## [Directions]
Word for word, repeat the entries, minus the pictures.

## [Provided data]
--*--

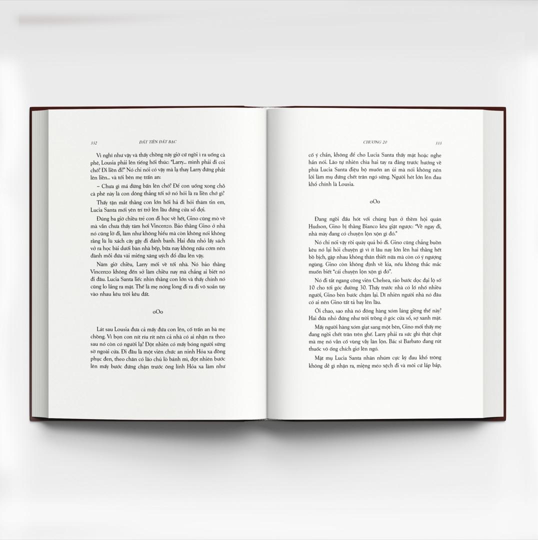 “Nếu người đọc Bố già thấy hào hứng ở những cảnh bắn giết máu óc tùm lum ở mỗi trang sách, mới đi sâu vào hai xã hội bí mật nhất và bẩn nhất Mỹ quốc là Mafia và Hollywood thì đọc Đất tiền đất bạc sẽ ngạc nhiên vì cùng một tác giả Mario Puzo mà không thấy súng nổ loạn, chỉ thấy cám cảnh vì con người tranh ăn để sống! Cho tới bây giờ ông mới viết có hai truyện The Godfather và The Fortunate Pilgrim mà như tên gọi, con người đói quá bèn rủ nhau đổ xô sang Mỹ ‘hành hương’. Họ đâu cần tìm đạo, tìm triết lý mà chỉ đ tìm tiền! Đúng hơn là đi kiếm miếng sống, cho khỏi đói. Nhưng không chết đói là họ lại đòi no nữa. Họ lại muốn làm giàu, thật nhiều thật lẹ dù đồng tiền có bẩn và nếu cần còn phải triệt hạ đồng loại, nhiều khi còn đồng bào!
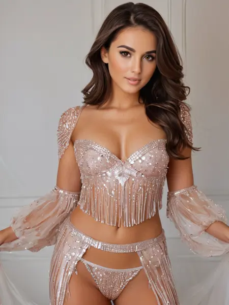 • 초고급 패션 아우트핏 생성: 다이아몬드 장식 미니스커트, 페인트 가죽 바디수트, 글리터 크롭탑, 하늘 높이 솟은 플랫폼 신발
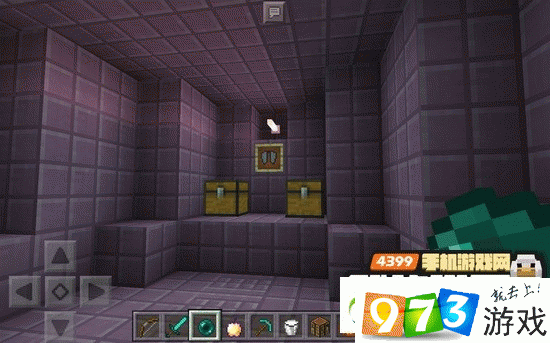 3.搭方块或者丢末影之眼来到末影船上,进入船舱就可以看到一个物品展示框,展示框上放着我们梦寐以求的鞘翅!
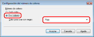 Puede imprimir utilizando el negro y otro color que especifique. Esta función solo se encuentra disponible con el controlador de impresora UFR II.
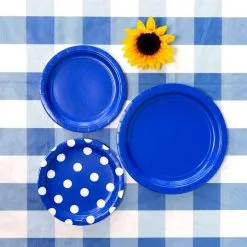Glitter Royal Blue Polka Dot & Chevron Paper Fan Decorations, 4ct
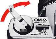 Auto film rewinding: The motor automatically stops when rewinding is completed (with OM2SP, OM-20, 30, 40, OM3 & OM4 series).
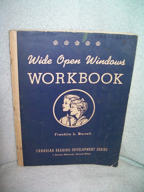 Copp Clark, Vancouver, 1953. Large soft cover, 160 pages. Vintage educational workbook for the Wide Open Windows reader. Wraps have edge and cover wear, some stains; prior owner’s name at top front wrap. Pencil erasures on some pages; some age spots/stains in margins and gutters; text very readable. The workbook provides exercises for comprehension, reading, silent reading, new vocabulary, making inferences, plus ten tests of speed and comprehension.
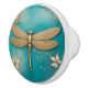 Dragonfly Turquoise Teal & Gold Faux Relief Asian Ceramic Knob
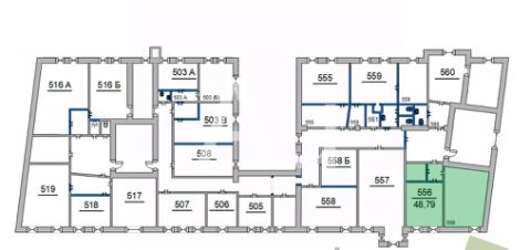 Состоит из 2 кабинетов, кухни (подсобного помещения) и входной зоны (см.поэтажный план в галерее объекта).
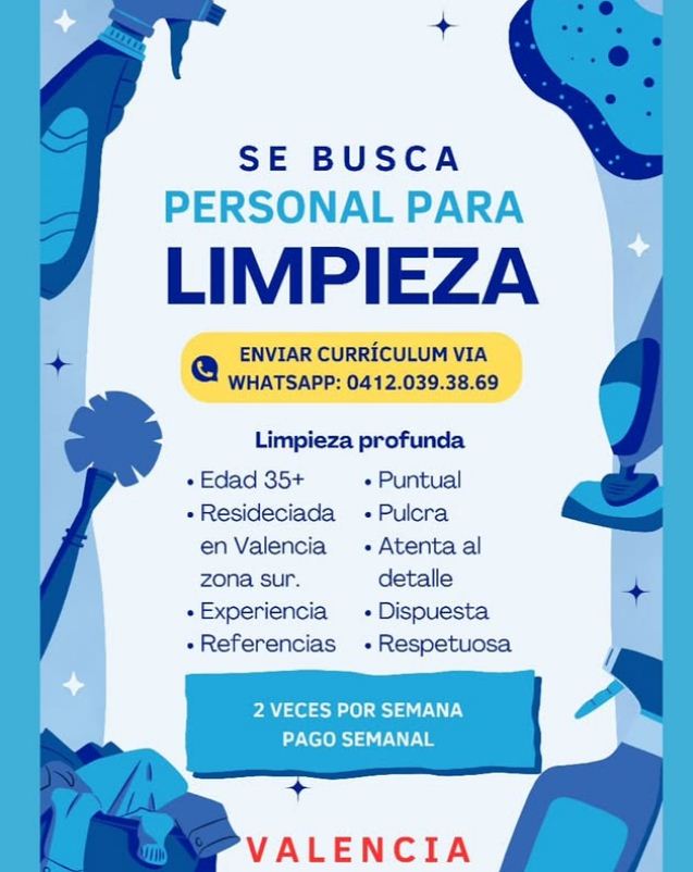 OFERTA DE EMPLEO VALENCIA. Nos encontramos en la búsqueda de: PERSONAL DE MANTENIMIENTO. El aspirante al cargo debe cumplir con los siguientes requisitos: Edad mayor de 40 años. Con Residencia en Valencia/Naguanagua. Alto sentido de Responsabilidad. Debe poseer Certificado Médico Sanitario Vigente (Emitido por INSALUD) Experiencia comprobable en labores de mantenimiento de oficina y áreas operativas (limitativo) Disponibilidad inmediata. De cumplir todos los requisitos postularse al correo: postulaciones.drog@gmail.com Debe indicar el cargo al cual se postula.

--*--

## [Task result]
 “Nếu người đọc Bố già thấy hào hứng ở những cảnh bắn giết máu óc tùm lum ở mỗi trang sách, mới đi sâu vào hai xã hội bí mật nhất và bẩn nhất Mỹ quốc là Mafia và Hollywood thì đọc Đất tiền đất bạc sẽ ngạc nhiên vì cùng một tác giả Mario Puzo mà không thấy súng nổ loạn, chỉ thấy cám cảnh vì con người tranh ăn để sống! Cho tới bây giờ ông mới viết có hai truyện The Godfather và The Fortunate Pilgrim mà như tên gọi, con người đói quá bèn rủ nhau đổ xô sang Mỹ ‘hành hương’. Họ đâu cần tìm đạo, tìm triết lý mà chỉ đ tìm tiền! Đúng hơn là đi kiếm miếng sống, cho khỏi đói. Nhưng không chết đói là họ lại đòi no nữa. Họ lại muốn làm giàu, thật nhiều thật lẹ dù đồng tiền có bẩn và nếu cần còn phải triệt hạ đồng loại, nhiều khi còn đồng bào!
 • 초고급 패션 아우트핏 생성: 다이아몬드 장식 미니스커트, 페인트 가죽 바디수트, 글리터 크롭탑, 하늘 높이 솟은 플랫폼 신발
 3.搭方块或者丢末影之眼来到末影船上,进入船舱就可以看到一个物品展示框,展示框上放着我们梦寐以求的鞘翅!
 Puede imprimir utilizando el negro y otro color que especifique. Esta función solo se encuentra disponible con el controlador de impresora UFR II.
Glitter Royal Blue Polka Dot & Chevron Paper Fan Decorations, 4ct
 Auto film rewinding: The motor automatically stops when rewinding is completed (with OM2SP, OM-20, 30, 40, OM3 & OM4 series).
 Copp Clark, Vancouver, 1953. Large soft cover, 160 pages. Vintage educational workbook for the Wide Open Windows reader. Wraps have edge and cover wear, some stains; prior owner’s name at top front wrap. Pencil erasures on some pages; some age spots/stains in margins and gutters; text very readable. The workbook provides exercises for comprehension, reading, silent reading, new vocabulary, making inferences, plus ten tests of speed and comprehension.
 Dragonfly Turquoise Teal & Gold Faux Relief Asian Ceramic Knob
 Состоит из 2 кабинетов, кухни (подсобного помещения) и входной зоны (см.поэтажный план в галерее объекта).
 OFERTA DE EMPLEO VALENCIA. Nos encontramos en la búsqueda de: PERSONAL DE MANTENIMIENTO. El aspirante al cargo debe cumplir con los siguientes requisitos: Edad mayor de 40 años. Con Residencia en Valencia/Naguanagua. Alto sentido de Responsabilidad. Debe poseer Certificado Médico Sanitario Vigente (Emitido por INSALUD) Experiencia comprobable en labores de mantenimiento de oficina y áreas operativas (limitativo) Disponibilidad inmediata. De cumplir todos los requisitos postularse al correo: postulaciones.drog@gmail.com Debe indicar el cargo al cual se postula.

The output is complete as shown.